### WHAT THE TASK ASKS
Copy out again, unchanged, the listing below from the line that has "Si todo va bien, prueba" through the line that has "Ten frame colors".

### DATA RECORDS

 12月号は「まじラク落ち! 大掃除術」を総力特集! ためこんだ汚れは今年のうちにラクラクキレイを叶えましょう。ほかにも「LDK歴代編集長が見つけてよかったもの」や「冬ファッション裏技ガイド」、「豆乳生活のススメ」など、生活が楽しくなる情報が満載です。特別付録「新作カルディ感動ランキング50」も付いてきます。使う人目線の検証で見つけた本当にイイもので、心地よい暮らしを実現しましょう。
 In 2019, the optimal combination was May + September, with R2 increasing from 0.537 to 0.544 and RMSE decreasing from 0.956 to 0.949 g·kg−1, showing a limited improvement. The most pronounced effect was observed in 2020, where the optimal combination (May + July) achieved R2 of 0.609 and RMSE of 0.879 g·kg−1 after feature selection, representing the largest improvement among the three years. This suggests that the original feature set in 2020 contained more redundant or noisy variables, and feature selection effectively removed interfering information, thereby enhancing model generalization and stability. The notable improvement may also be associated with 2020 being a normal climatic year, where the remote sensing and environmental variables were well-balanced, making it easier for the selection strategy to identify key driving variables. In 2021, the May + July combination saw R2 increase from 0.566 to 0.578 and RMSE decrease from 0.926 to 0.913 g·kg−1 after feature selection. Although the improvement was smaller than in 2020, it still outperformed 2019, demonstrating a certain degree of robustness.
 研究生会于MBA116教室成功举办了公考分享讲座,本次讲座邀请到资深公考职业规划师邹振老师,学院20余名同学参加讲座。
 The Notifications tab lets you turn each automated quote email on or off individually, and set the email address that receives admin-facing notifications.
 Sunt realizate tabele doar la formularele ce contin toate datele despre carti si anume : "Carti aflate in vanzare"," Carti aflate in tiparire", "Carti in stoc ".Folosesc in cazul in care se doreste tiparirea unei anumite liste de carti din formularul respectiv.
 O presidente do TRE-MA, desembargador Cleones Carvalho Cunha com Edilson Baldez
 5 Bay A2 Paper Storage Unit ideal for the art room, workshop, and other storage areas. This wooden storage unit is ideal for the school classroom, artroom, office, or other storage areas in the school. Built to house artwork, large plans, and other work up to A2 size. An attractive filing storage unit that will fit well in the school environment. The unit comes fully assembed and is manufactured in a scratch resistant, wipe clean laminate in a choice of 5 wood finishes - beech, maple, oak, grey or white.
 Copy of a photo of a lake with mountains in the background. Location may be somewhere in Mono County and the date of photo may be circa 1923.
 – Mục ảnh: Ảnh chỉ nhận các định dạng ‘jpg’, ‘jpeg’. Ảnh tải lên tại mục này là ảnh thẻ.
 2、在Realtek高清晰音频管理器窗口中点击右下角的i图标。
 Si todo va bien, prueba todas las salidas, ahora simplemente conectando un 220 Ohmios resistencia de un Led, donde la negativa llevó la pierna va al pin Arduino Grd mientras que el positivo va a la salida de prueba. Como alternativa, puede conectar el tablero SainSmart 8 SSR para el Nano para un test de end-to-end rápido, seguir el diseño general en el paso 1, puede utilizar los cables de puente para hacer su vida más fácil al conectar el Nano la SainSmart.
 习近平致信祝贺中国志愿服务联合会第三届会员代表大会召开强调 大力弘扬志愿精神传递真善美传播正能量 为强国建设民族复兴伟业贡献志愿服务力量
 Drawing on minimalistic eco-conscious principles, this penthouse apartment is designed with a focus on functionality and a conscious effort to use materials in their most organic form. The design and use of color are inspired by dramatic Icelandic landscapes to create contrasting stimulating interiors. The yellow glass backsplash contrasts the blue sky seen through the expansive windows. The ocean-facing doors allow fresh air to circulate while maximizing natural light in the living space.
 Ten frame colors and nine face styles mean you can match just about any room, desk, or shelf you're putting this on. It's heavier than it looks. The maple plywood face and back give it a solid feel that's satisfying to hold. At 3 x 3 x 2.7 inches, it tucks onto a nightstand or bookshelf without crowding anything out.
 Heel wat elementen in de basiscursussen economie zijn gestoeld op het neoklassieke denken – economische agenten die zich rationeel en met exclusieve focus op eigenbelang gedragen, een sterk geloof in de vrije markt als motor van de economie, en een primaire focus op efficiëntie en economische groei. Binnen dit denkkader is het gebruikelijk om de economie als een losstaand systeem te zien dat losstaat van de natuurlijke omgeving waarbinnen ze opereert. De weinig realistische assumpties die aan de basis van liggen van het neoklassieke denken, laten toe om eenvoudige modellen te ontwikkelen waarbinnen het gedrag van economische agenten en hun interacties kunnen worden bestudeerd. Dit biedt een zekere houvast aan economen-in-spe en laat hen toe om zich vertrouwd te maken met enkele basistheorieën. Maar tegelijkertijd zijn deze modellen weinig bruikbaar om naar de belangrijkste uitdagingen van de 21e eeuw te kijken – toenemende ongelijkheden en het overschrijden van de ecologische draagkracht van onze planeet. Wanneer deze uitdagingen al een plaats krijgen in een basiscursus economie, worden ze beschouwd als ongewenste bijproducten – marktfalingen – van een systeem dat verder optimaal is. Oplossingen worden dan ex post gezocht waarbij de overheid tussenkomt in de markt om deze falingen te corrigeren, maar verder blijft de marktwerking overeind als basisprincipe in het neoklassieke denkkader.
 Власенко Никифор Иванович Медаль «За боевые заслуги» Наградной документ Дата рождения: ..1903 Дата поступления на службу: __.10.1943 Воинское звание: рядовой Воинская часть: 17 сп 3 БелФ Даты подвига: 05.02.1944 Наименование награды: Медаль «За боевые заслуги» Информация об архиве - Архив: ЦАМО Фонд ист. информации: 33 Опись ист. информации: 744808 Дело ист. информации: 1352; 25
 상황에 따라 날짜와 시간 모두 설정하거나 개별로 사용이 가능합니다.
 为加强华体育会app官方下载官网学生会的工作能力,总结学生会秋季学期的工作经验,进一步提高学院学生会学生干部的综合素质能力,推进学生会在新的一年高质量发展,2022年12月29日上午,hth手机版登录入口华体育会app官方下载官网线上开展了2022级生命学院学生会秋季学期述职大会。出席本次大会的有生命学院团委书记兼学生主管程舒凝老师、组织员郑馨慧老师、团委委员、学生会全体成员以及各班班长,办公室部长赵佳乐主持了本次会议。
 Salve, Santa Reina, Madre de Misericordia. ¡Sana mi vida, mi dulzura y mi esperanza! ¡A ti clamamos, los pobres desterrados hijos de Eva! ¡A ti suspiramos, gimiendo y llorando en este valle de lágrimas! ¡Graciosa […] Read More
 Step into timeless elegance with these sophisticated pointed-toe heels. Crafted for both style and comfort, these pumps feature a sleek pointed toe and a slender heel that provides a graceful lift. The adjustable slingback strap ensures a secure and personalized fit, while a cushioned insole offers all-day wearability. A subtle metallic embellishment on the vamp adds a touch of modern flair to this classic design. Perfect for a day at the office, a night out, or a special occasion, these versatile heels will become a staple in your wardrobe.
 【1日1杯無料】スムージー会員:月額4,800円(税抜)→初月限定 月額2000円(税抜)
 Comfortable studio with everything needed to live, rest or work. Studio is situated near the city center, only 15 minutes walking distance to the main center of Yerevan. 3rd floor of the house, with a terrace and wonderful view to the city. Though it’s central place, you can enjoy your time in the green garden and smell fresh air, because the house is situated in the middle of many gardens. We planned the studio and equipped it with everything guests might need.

### COMPLETED EXERCISE
 Si todo va bien, prueba todas las salidas, ahora simplemente conectando un 220 Ohmios resistencia de un Led, donde la negativa llevó la pierna va al pin Arduino Grd mientras que el positivo va a la salida de prueba. Como alternativa, puede conectar el tablero SainSmart 8 SSR para el Nano para un test de end-to-end rápido, seguir el diseño general en el paso 1, puede utilizar los cables de puente para hacer su vida más fácil al conectar el Nano la SainSmart.
 习近平致信祝贺中国志愿服务联合会第三届会员代表大会召开强调 大力弘扬志愿精神传递真善美传播正能量 为强国建设民族复兴伟业贡献志愿服务力量
 Drawing on minimalistic eco-conscious principles, this penthouse apartment is designed with a focus on functionality and a conscious effort to use materials in their most organic form. The design and use of color are inspired by dramatic Icelandic landscapes to create contrasting stimulating interiors. The yellow glass backsplash contrasts the blue sky seen through the expansive windows. The ocean-facing doors allow fresh air to circulate while maximizing natural light in the living space.
 Ten frame colors and nine face styles mean you can match just about any room, desk, or shelf you're putting this on. It's heavier than it looks. The maple plywood face and back give it a solid feel that's satisfying to hold. At 3 x 3 x 2.7 inches, it tucks onto a nightstand or bookshelf without crowding anything out.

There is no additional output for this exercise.